Food security has been identified as a primary concern by New Haven community leaders and through local community assessments, Duffany said. CARE is collaborating with and supporting local efforts to address barriers to food security and to make the city’s food pantry system more accessible. Yale teams are also working with community leaders and advocates to implement healthier food choices at local pantries and link people visiting pantries to job opportunities and clinical care. CARE is also working closely with New Haven’s Breastfeeding Task Force in providing breastfeeding support at the individual level through peer counseling and other initiatives.

Stigma and Public Health

Also on the panel was Assistant Professor of Public Health Katie Wang, PhD ’14, whose research focuses on the role of stigma as a psychosocial determinant of mental and behavioral health disparities among diverse marginalized populations.

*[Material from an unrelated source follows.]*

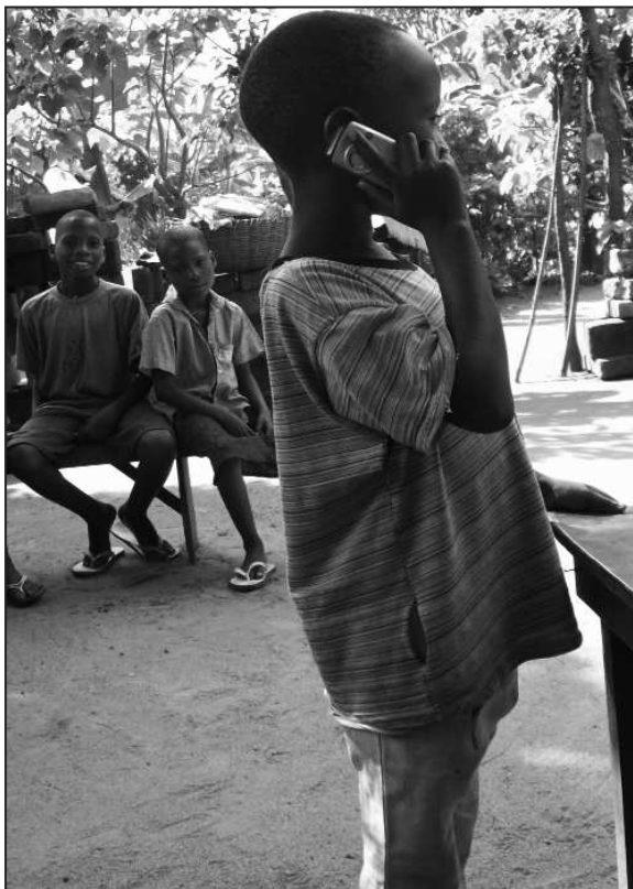
Enfant avec téléphone (Bénin)

Le téléphone portable est la TIC le plus utilisé au sein de nombreux groupes

Wang is currently investigating mental illness stigma as a risk factor for substance use in adults with depression. She launched the study after noticing a gap in existing research.

“People with mental health disorders are significantly more likely to develop alcohol and drug use problems,” said Wang. “But while there has been a lot of research looking at the biological and psychosocial factors driving that (behavior), stigma has not been discussed.” She said it’s important to study the impact of stigma because it can potentially hinder people’s willingness and ability to seek help.

Wang, who is blind, is also examining the experiences of people with disabilities during COVID-19 and how the pandemic – particularly in terms of disability-related stigma and social isolation – has affected their mental health.

As a stigma researcher, Wang said social justice is central to her work improving the lives of marginalized populations. She is particularly interested in incorporating intersectionality into her research. She mentioned studies that focus on racism and studies that focus on sexism as examples of research that could be merged.

“There’s not a lot of attention looking at how different marginalized identities intersect, which is unfortunate because our identities do not exist in a vacuum,” said Wang. “We exist at the intersection of multiple identifies, and we are oftentimes marginalized in different ways depending on how our identities combine.”

U.S. Health Justice Concentration

Many of the issues discussed by the panel are amplified in the school’s new U.S. Health Justice Concentration, which launched last spring after several years of collaborative effort on the part of school administrators, faculty and students.

In 2017, in response to a national travel ban on Muslims, white supremacy rallies, lack of federal action on climate change and acts of police violence against people of color in the U.S., students approached the administration seeking more opportunities for social and health justice study and training, said Dashni Sathasivam, M.P.H. ’19, one of the students involved in the discussions at the time.

“I, along with many of my fellow classmates, entered YSPH hungry for social justice and looking to learn in the classroom and beyond,” Sathasivam said. Those discussions led to the creation of a mandatory social justice and health equity course for all students and, eventually, the U.S. Health Justice Concentration.

“The aim of the concentration is to give students an opportunity to dig into these issues of equity and justice and the way that power and structure constrain health,” Keene said.

The concentration includes a class in advocacy and activism led by Assistant Professor Adjunct Tekisha Everette, a long-time social justice advocate and director of the Hartford-based nonprofit Health Equity Solutions. Students are also required to do a practicum in social justice, including opportunities to work with local community organizations.